The key design choice: the verifier sees only the claim and the evidence — never the agent's reasoning. That's what keeps it grounded.

Usage

CLI

attest stats 41 50                # a pass rate with its Wilson 95% CI (no API key)
attest tools trajectory.json      # tool-use correctness — deterministic, no API key
attest injection trajectory.json  # prompt-injection scan — deterministic, no API key
attest run   trajectory.json      # full report: faithfulness + tool-use + overall
attest demo  trajectory.json      # naive LLM-judge vs attest, side by side
attest models openai              # list a provider's models (live if its key is set)

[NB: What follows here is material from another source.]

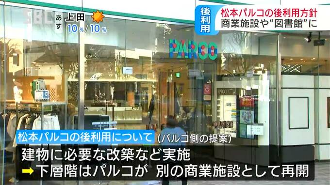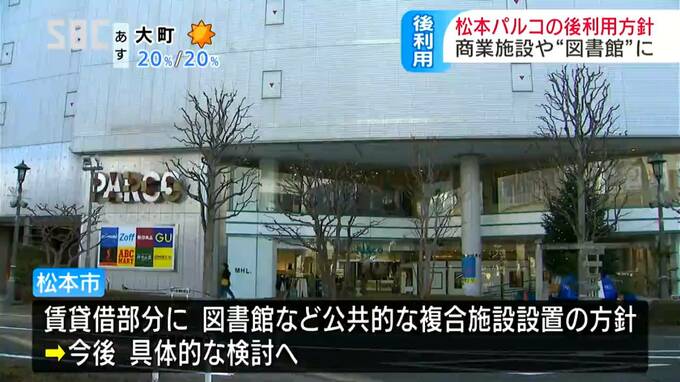 2025年に閉店する松本パルコの後利用について、下の階は商業施設として、上の階は図書館などの公共施設として活用する検討が進んでいることがわかりました。
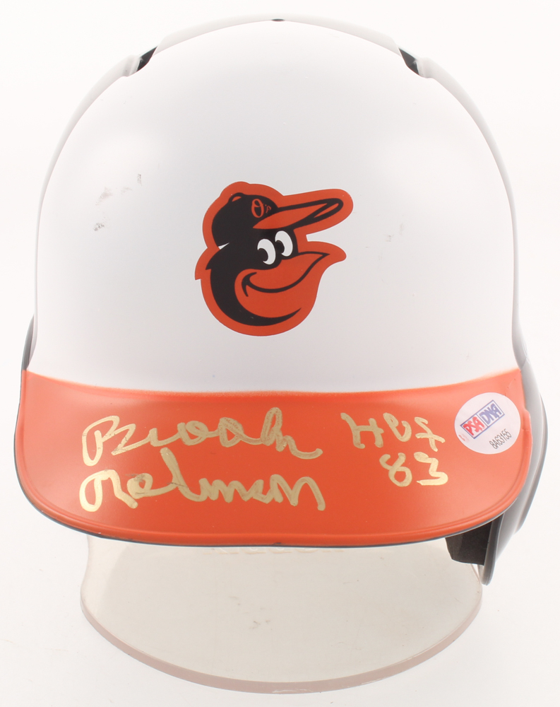 Brooks Robinson Signed Baltimore Orioles Batting Mini Helmet With Wood Base Display Case Inscribed "HOF 83" (PSA COA)

attest run trajectory.json --provider openai --model gpt-4o-mini   # any provider

Library

from attest import Attest

judge = Attest(key="sk-ant-...")   # or Attest() to read ANTHROPIC_API_KEY from the env
report = judge.evaluate(traj)      # traj: a Trajectory (e.g. from the LangGraph adapter)
print(report.overall_score)
print(report.model_dump_json(indent=2))

judge.tool_use(traj)               # tool-use correctness
judge.injection(traj, deep=True)   # prompt-injection scan
judge.stats(41, 50)                # pass rate + Wilson 95% CI (no API call)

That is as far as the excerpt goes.